■ **WHAT THIS TASK INVOLVES**:
All of the listing below must be repeated word for word. Pictures are the only thing to omit.

■ **DATASET EXCERPT**:
* * *
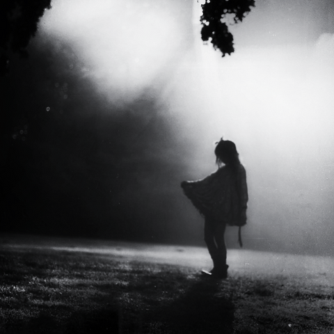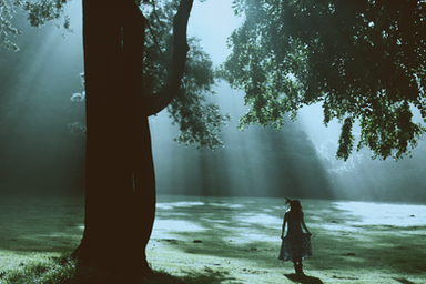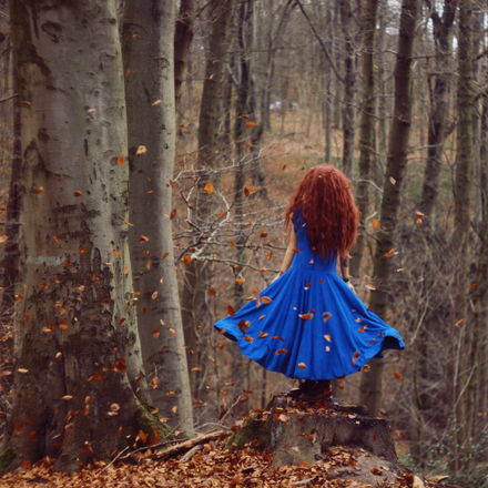 I love this, it looks like she's entering a world of mythological creatures or something, to me. I can't believe your dog took the photo! You're very talented.
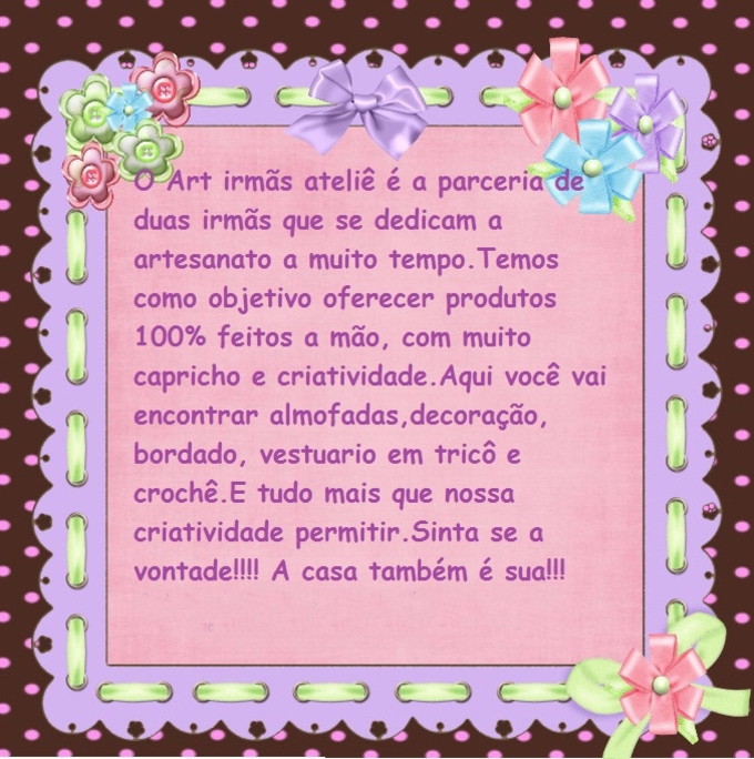 OS PEDIDOS RECEBIDOS QUE NÃO FOREM ATUALIZADOS EM ATÉ 7 DIAS APÓS O CONTATO INICIAL, COM ESCOLHA DE FRETE E OPÇÃO DE PAGAMENTO SERÃO CANCELADOS. O PRAZO DE CONFECÇÃO É CONTADO EM DIAS ÚTEIS (SEGUNDA A SEXTA, EXCETO FERIADOS ). O PRAZO DE ENTREGA (VIA PAC OU SEDEX) É CONTADO EM DIAS ÚTEIS E NÃO CORRIDOS. (SEGUNDA A SEXTA, EXCETO FERIADOS) DISPONIBILIDADE DE TAMANHOS E CORES: PARA ALGUNS PRODUTOS TEMOS TAMANHO E CORES PADRÃO. CASO QUEIRA ALTERAR MEDIDAS OU CORES, FAVOR ENTRAR EM CONTATO PARA VERIFICAR DISPONIBILIDADE. PEDIDOS RECEBIDOS NOS QUAIS O COMPRADOR NÃO INFORME COR OU TAMANHO, ENTENDE-SE QUE ESTEJA DE ACORDO COM O PRODUTO EM TAMANHO E COR PADRÃO. TROCAS E DEVOLUÇÕES: NÃO EFETUAMOS TROCAS NEM DEVOLUÇÕES; TIRE TODAS AS SUAS DUVIDAS ANTES DE EFETUAR A COMPRA E CERTIFIQUE SE QUE EXPLICOU EXATAMENTE TAMANHO E COR DE PRODUTO. SOBRE ENTREGAS; ENTREGAS NÃO EFETUADAS POR ENDEREÇO INCORRETO OU INCOMPLETO, CUJAS MERCADORIAS VOLTEM AO REMETENTE SÓ SERÃO REENVIADAS MEDIANTE NOVO PAGAMENTO DO FRETE POR PARTE DO COMPRADOR. ENCOMENDAS ENVIADAS QUE VOLTEM AO REMETENTE POR RESPONSABILIDADE DO COMPRADOR (DESTINATÁRIO AUSENTE, RECUSA NO RECEBIMENTO) SÓ SERÃO REENVIADAS MEDIANTE NOVO PAGAMENTO DO FRETE. NÃO NOS RESPONSABILIZAMOS POR POSSÍVEIS ATRASOS NA ENTREGA, POR RESPONSABILIDADE DOS CORREIOS. COMPRAS PARCELADAS TEM ACRÉSCIMO DE JUROS NAS PARCELAS. FIQUE ATENTO AO PARCELAMENTO DO PAGAMENTO DE SEU PEDIDO. PROGRAME SUA COMPRA COM ANTECEDÊNCIA, TRABALHAMOS COM PEÇAS FEITAS POR ENCOMENDA. ESTEJA ATENTO AOS PRAZOS DE CONFECÇÃO E ENTREGA.
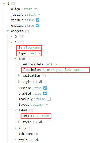 | props.columns.items[0].rows.items[1].widgets[1].id | lastName |
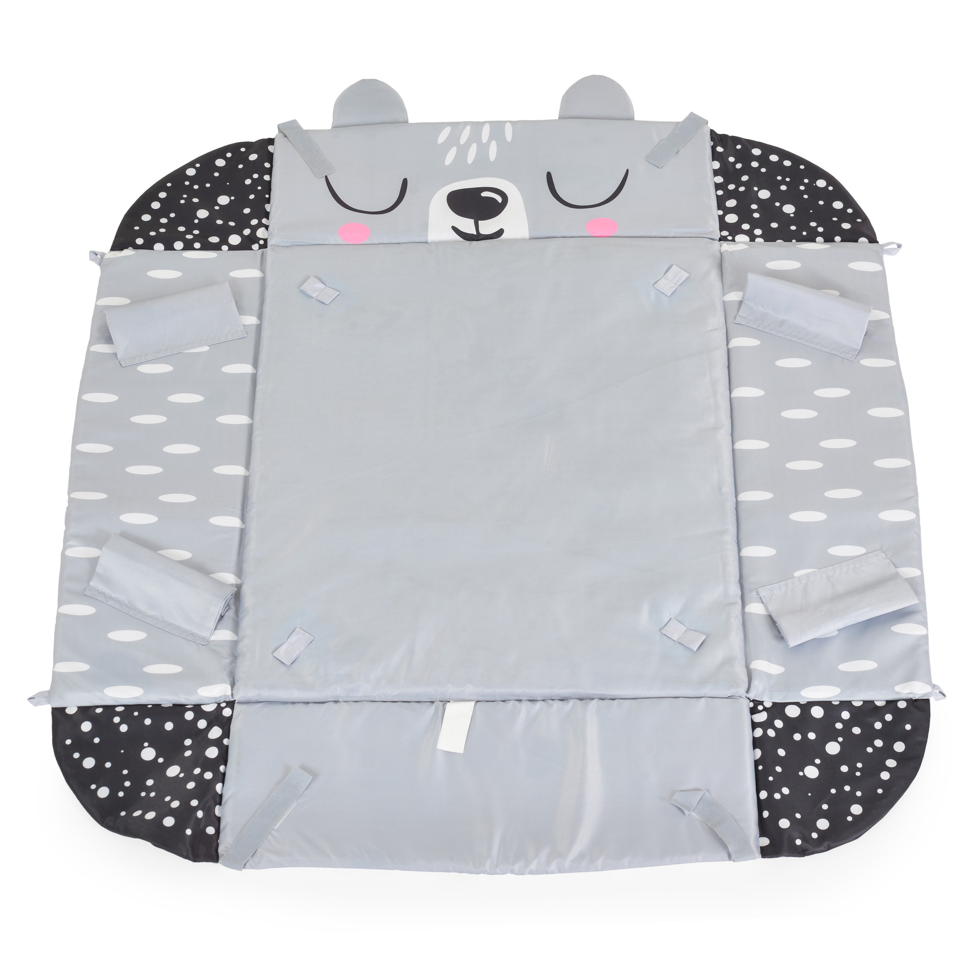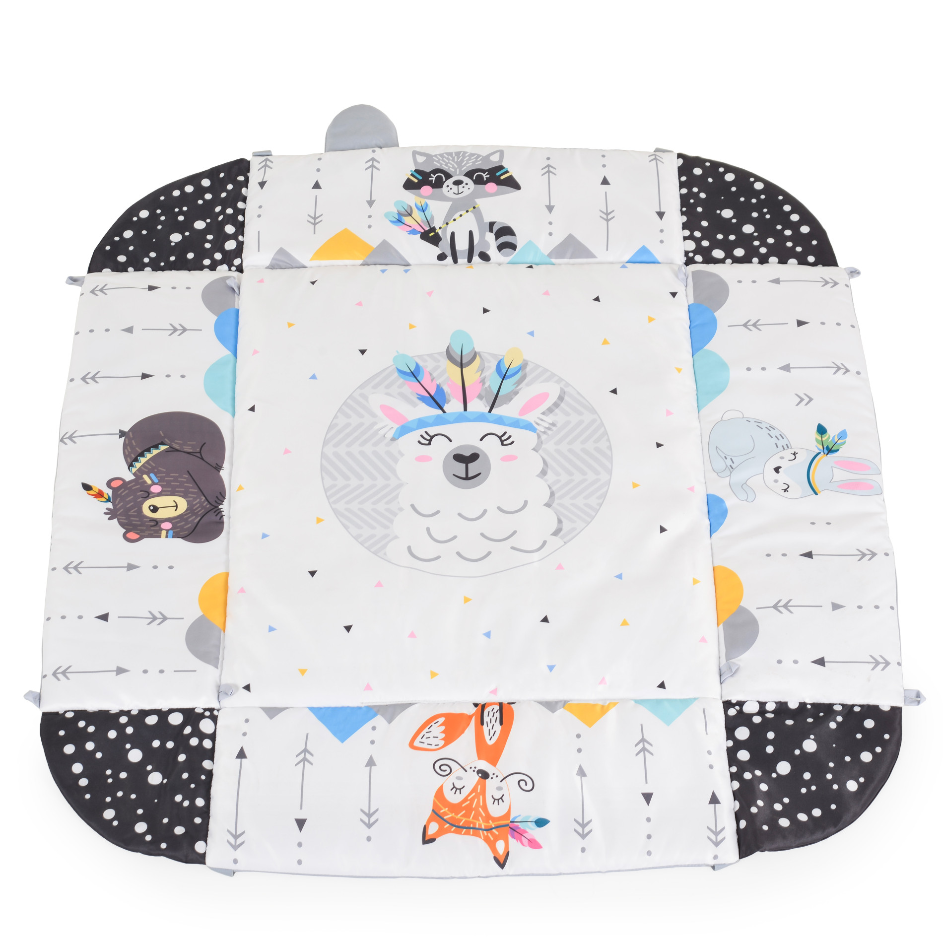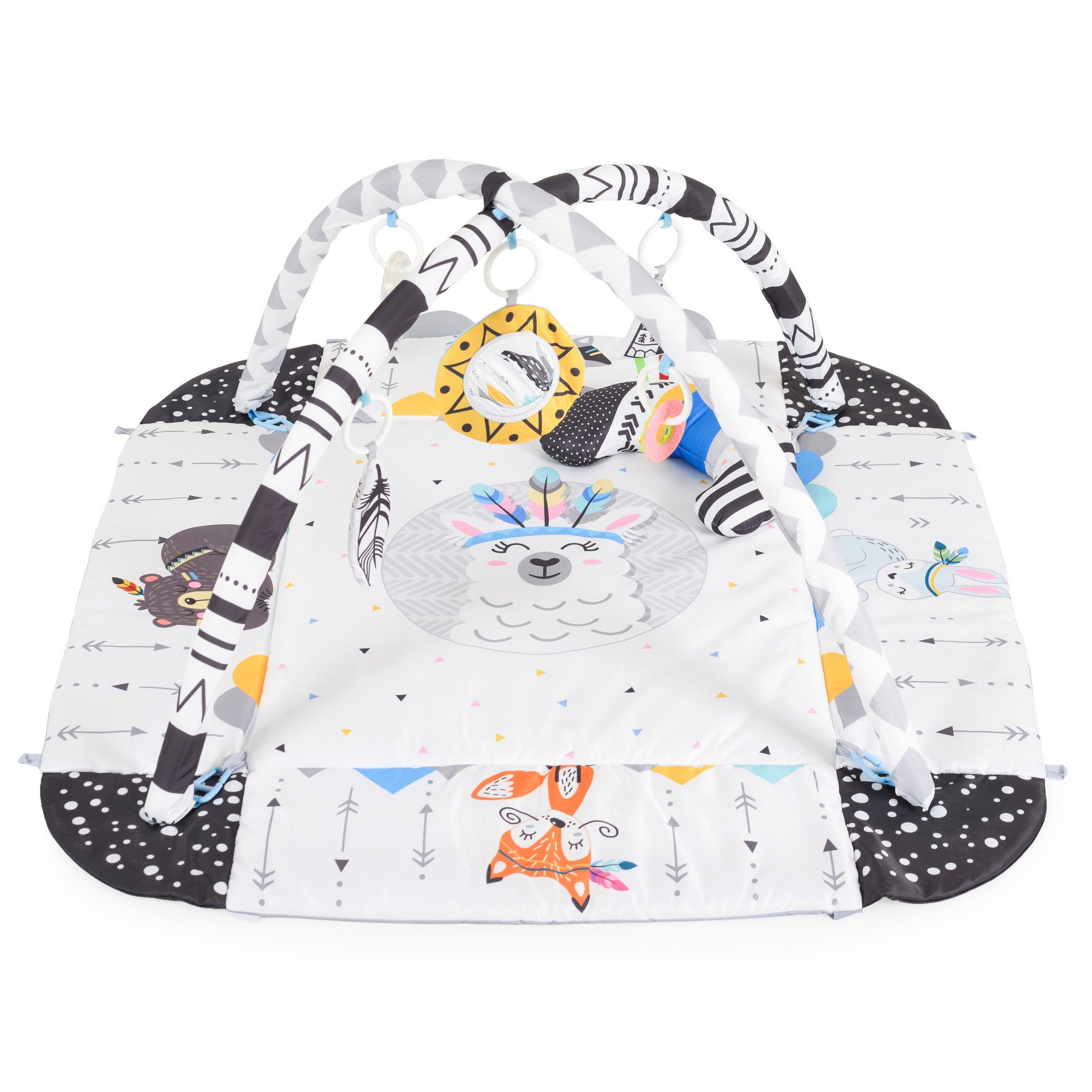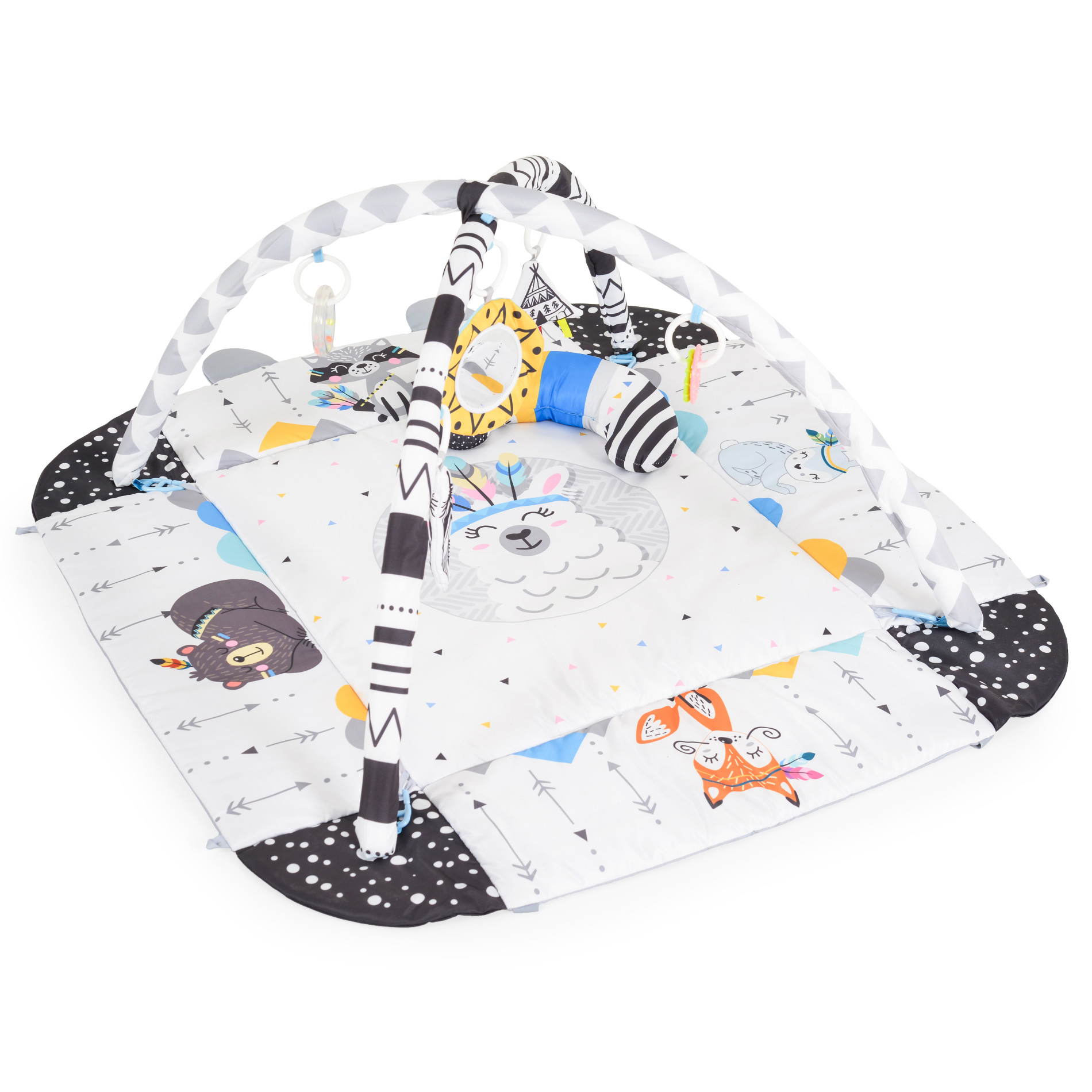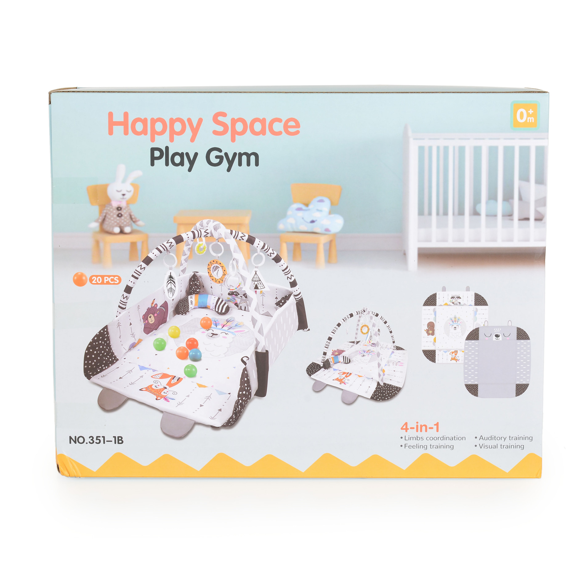 Включени в комплекта няколко висящи играчки, 20 топки за игра, възглавничка и сваляеми грифове;
* * *
■ **SOLUTION TO THE PROBLEM**:
 I love this, it looks like she's entering a world of mythological creatures or something, to me. I can't believe your dog took the photo! You're very talented.
 OS PEDIDOS RECEBIDOS QUE NÃO FOREM ATUALIZADOS EM ATÉ 7 DIAS APÓS O CONTATO INICIAL, COM ESCOLHA DE FRETE E OPÇÃO DE PAGAMENTO SERÃO CANCELADOS. O PRAZO DE CONFECÇÃO É CONTADO EM DIAS ÚTEIS (SEGUNDA A SEXTA, EXCETO FERIADOS ). O PRAZO DE ENTREGA (VIA PAC OU SEDEX) É CONTADO EM DIAS ÚTEIS E NÃO CORRIDOS. (SEGUNDA A SEXTA, EXCETO FERIADOS) DISPONIBILIDADE DE TAMANHOS E CORES: PARA ALGUNS PRODUTOS TEMOS TAMANHO E CORES PADRÃO. CASO QUEIRA ALTERAR MEDIDAS OU CORES, FAVOR ENTRAR EM CONTATO PARA VERIFICAR DISPONIBILIDADE. PEDIDOS RECEBIDOS NOS QUAIS O COMPRADOR NÃO INFORME COR OU TAMANHO, ENTENDE-SE QUE ESTEJA DE ACORDO COM O PRODUTO EM TAMANHO E COR PADRÃO. TROCAS E DEVOLUÇÕES: NÃO EFETUAMOS TROCAS NEM DEVOLUÇÕES; TIRE TODAS AS SUAS DUVIDAS ANTES DE EFETUAR A COMPRA E CERTIFIQUE SE QUE EXPLICOU EXATAMENTE TAMANHO E COR DE PRODUTO. SOBRE ENTREGAS; ENTREGAS NÃO EFETUADAS POR ENDEREÇO INCORRETO OU INCOMPLETO, CUJAS MERCADORIAS VOLTEM AO REMETENTE SÓ SERÃO REENVIADAS MEDIANTE NOVO PAGAMENTO DO FRETE POR PARTE DO COMPRADOR. ENCOMENDAS ENVIADAS QUE VOLTEM AO REMETENTE POR RESPONSABILIDADE DO COMPRADOR (DESTINATÁRIO AUSENTE, RECUSA NO RECEBIMENTO) SÓ SERÃO REENVIADAS MEDIANTE NOVO PAGAMENTO DO FRETE. NÃO NOS RESPONSABILIZAMOS POR POSSÍVEIS ATRASOS NA ENTREGA, POR RESPONSABILIDADE DOS CORREIOS. COMPRAS PARCELADAS TEM ACRÉSCIMO DE JUROS NAS PARCELAS. FIQUE ATENTO AO PARCELAMENTO DO PAGAMENTO DE SEU PEDIDO. PROGRAME SUA COMPRA COM ANTECEDÊNCIA, TRABALHAMOS COM PEÇAS FEITAS POR ENCOMENDA. ESTEJA ATENTO AOS PRAZOS DE CONFECÇÃO E ENTREGA.
 | props.columns.items[0].rows.items[1].widgets[1].id | lastName |
 Включени в комплекта няколко висящи играчки, 20 топки за игра, възглавничка и сваляеми грифове;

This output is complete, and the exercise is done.